There is an  EcdGraph class,  initialized with lists of semantic analyses for the text and hypothesis sentences, which get added to the text and hypothesis subgraphs of the EcdGraph.  

On incorporating semantic representations, multiple text sentences are added to the single text graph. Likewise for hypotheses. 
At present it is assumed that the bulk of the lexical lookup will have been done in constructing the semantic representations. However a database of lexical knowledge can also be accessed at inference time and concept details for additional word senses can be introduced by  extra  semantics modules, if desired.

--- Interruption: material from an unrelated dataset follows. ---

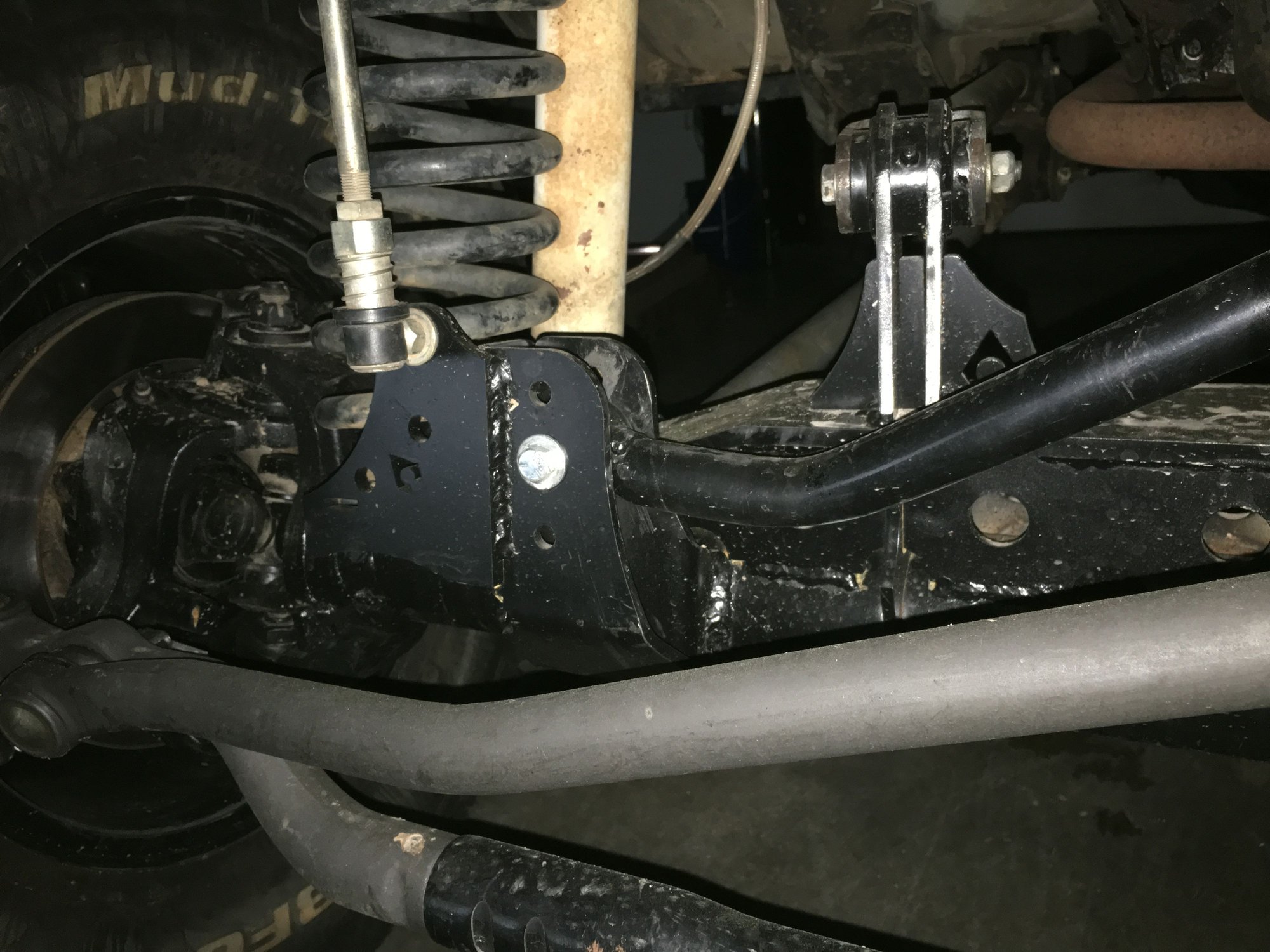 Used HD Rustys track bar. We had to shorten the bar by 3/4 inch and reweld the bung back on to get the proper adjustment...its all in the little things :P

On constructing the initial graph a number of additional data structures are populated, to assist subsequent processing. This includes equivalence classes of coreferent text and hypothesis terms, text and hypothesis terms subject to relative clause restrictions, and determiner properties.

Initial Term Matching
The first operation on an ECD graph is to identify potential matches between hypothesis and text skolem terms. A variety of match types are possible, and these are searched for in a fixed order:
  1. H- and T-terms have the same stem (specificity: equals)
  2. H- and T-terms have the same surface form (occasionally the parser's stemming is messed up) (specificity: equals)
  3. H- and T-terms have at least one sense that belongs to the same cluster of senses (specificity: equals)
  4. H- and T-terms have at least one sense embedded under a concept that is in a sub/superclass of the other (specificity: depends on concept relation)
  5. H-term has a sense that matches the sense on a lexically derived T-term (specificity: equals)
  6. H-term has a sense that has a cluster-sense shared with  the sense on a lexically derived T-term (specificity: equals)
  7. H-term has a sense that has a concept related to a concept for  the sense on a lexically derived T-term (specificity: depends on concept relation)
  8. H-term has a lexically derived sense that is a sense or cluster match with a surface T-term.

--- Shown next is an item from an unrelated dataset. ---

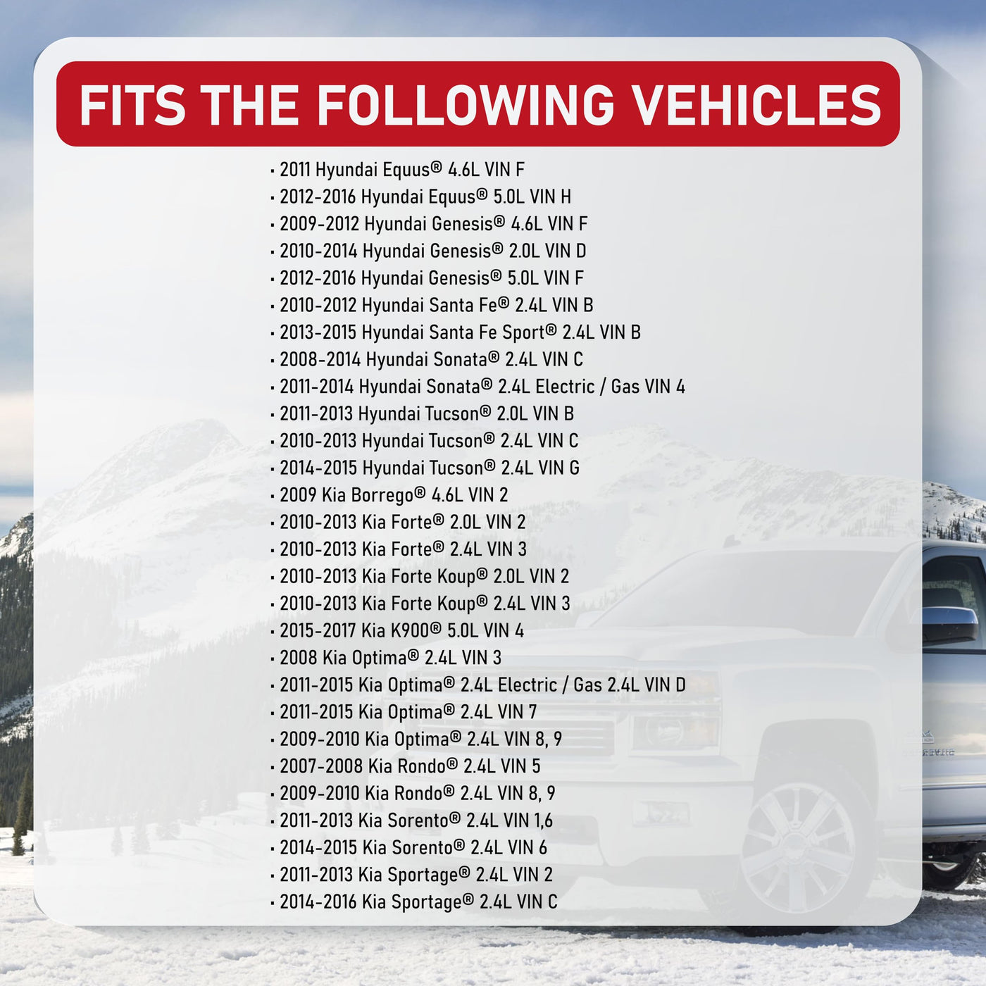 If your Equus, Genesis, Santa Fe, Santa Fe Sport, Sonata, Tucson, Borrego, Forte, K900, Optima, Rondo, Sorento, or Sportage has begun to misfire, idle erratically, or hesitate under acceleration, a bad coil pack could be to blame. By providing the proper spark to the spark plug, all of these issues can be resolved. This AA Ignition Coil Pack Set of 4 is a direct replacement for the factory coil. Made by an original equipment supplier (OEM). These coil packs surpass factory quality and return your engine to peak performance Compatible with the Following: 2011-2016 Equus All Engines 2009-2012 Genesis V8 4.6L 2010-2014 Genesis L4 2.0L 2012-2016 Genesis V8 5.0L 2010-2014 Genesis Coupe L4 2.0L 2010-2012 Santa Fe L4 2.4L 2013-2015 Santa Fe Sport L4 2.4L 2008-2014 Sonata L4 2.4L 2010-2015 Tucson L4 2.4L 2011 Tucson L4 2.0L 2012 Tucson All Engines 2009-2011 Borrego V8 4.6L 2010-2013 Forte All Engines 2015-2017 K900 V8 5.0L 2008-2015 Optima L4 2.4L 2007-2011 Rondo L4 2.4L 2014 Rondo L4 2.0L 2011-2015 Sorento L4 2.4L 2011-2016 Sportage L4 2.4L Replaces Part Numbers: UF-611, UF611, C1667, 5C1724 , E1111, 52-2079, IC712, 27300-2G000, 27300-3F100, 27301-3F100, C1669, 178-8353, CUF2153, PPCUF215, C-773, 2505-484790, IC611, 50130, 2-50130, 36-8182, 250130, 12153, 880320, 880407, 8010598, CU1526, JM5373 This is a compatible replacement part manufactured by AA Ignition. This ignition coil set is NOT a Standard Motor, Delphi, or Hitachi part. Vehicle makes and their associated vehicle models and part numbers are used in this listing only to identify the vehicles these ignition coil sets fit.

hmm, it would be good to have examples here,  wouldn't it?

While multiple matches for a hypothesis term are allowed at any one level, if a hypothesis term is matched at an earlier level it is not considered for matching at later levels; e.g. a stem match for a hypothesis term precludes searching for cluster-sense matches for that term.

All initial term matches found lead to a new match edge being added to the ECD graph, with the specificity direction of the match (equals, sub-class, super-class, disjoint) being included on the edge.

Once the initial matches are found, they are closed under co-reference chains. That is, if H1 is matched with T1, and H1 is coreferent with H2 and T1 coreferent with T2, then new matches should be added for [H1,T2], [H2, T1], [H2, T2].
(don't you love commuting squares and don't you miss latex in blogger? I know I do!)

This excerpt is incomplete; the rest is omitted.